Going casual implies a comfort with the process and expresses a certain cool; then your mother calls, she went through 18 hours of labor and gave you a middle name after her beloved grandfather Americus, and you’re too good for that A., my fancy-pants scholar? Suddenly, the author is sending email to the project manager. My name is Kim A. Smith now. Change the book cover. Please. My inheritance is at stake.
The author, of course, has a right to make that change. We manage. In time, we ferret out all the Kim Smiths in the database, on Amazon, and so on. Getting those details right is a big part of our workday. In fact, I’m sure there are people in publishing who want this kind of challenge. A middle initial with a diacritical mark? Great. Without a period? Fantastic!
Full disclosure: I have a grudge against the middle initial. The first practical joke my parents played on me was calling me by my middle name. My entire life, strangers have called me Roger—my given first name. I have to keep a running record of which institutions, individuals, debtors, and web sites know me as Roger. Mind you, it can be helpful. Call my phone and ask for Roger, and I will not be in. Roger gets in pretty much all my trouble for me.

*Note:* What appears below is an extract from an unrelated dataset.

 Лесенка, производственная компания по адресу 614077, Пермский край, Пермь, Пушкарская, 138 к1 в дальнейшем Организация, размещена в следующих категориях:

Admittedly, the middle initial can provide a service as an identifier. If your name is Robert Smith, adding that O. or X. differentiates you from hundreds of thousands of other so-named guys out there. I dig it. You’re publishing a book. You want the credit. You deserve it. But, frankly, you probably submitted a manuscript with Robert X. Smith already, because you’re used to being confused with others.

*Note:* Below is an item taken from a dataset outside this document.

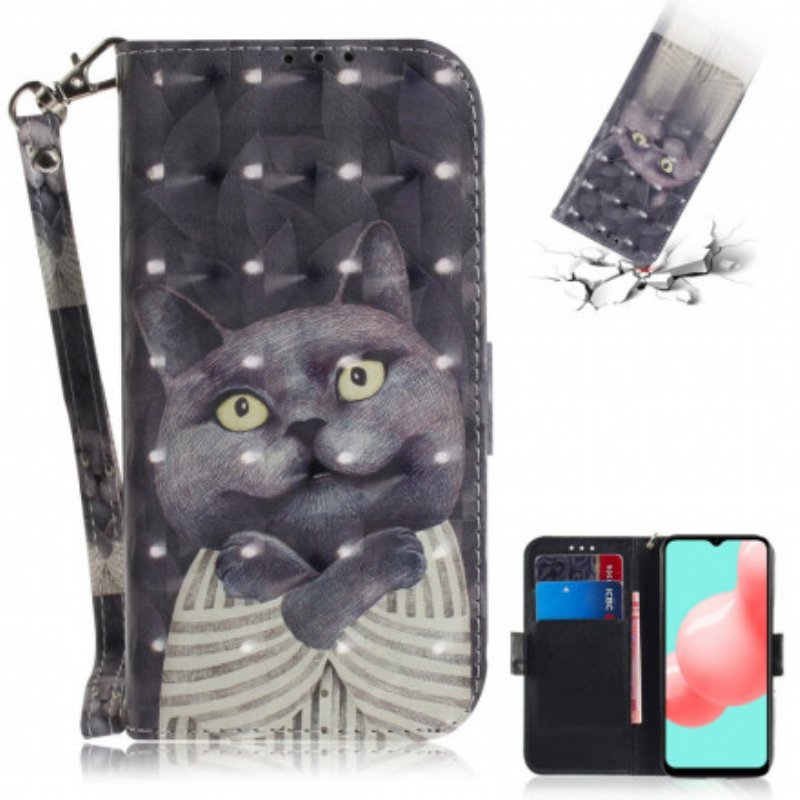 Fodral Samsung Galaxy A32 5G Med Kedjar Grå Katt Med Rem

The problem, I suppose, isn’t really the middle initial, but (as usual) human perceptions and cultural constructs. If I publish a paper as Kevin Cunningham, well, okay, it’s a name. R. Kevin Cunningham sounds better, just as F. Scott Fitzgerald had a better ring than Scott Fitzgerald. A single letter carries a mighty load of pretension. But we as a people have decided it’s more respectable, more intellectual, more worthy of attention. Who knows why? It probably started in the Paleolithic, when everyone was name Crog, and then some artist wanted the credit for the cave painting, and…
Deciding to use your middle initial late in the publishing process is okay. Really. We will get it right. Tempted to make the change? Have no fear. You basically can never go wrong with a middle initial in the publishing game. Don’t worry about humility. Seriously. People expect pretension from authors.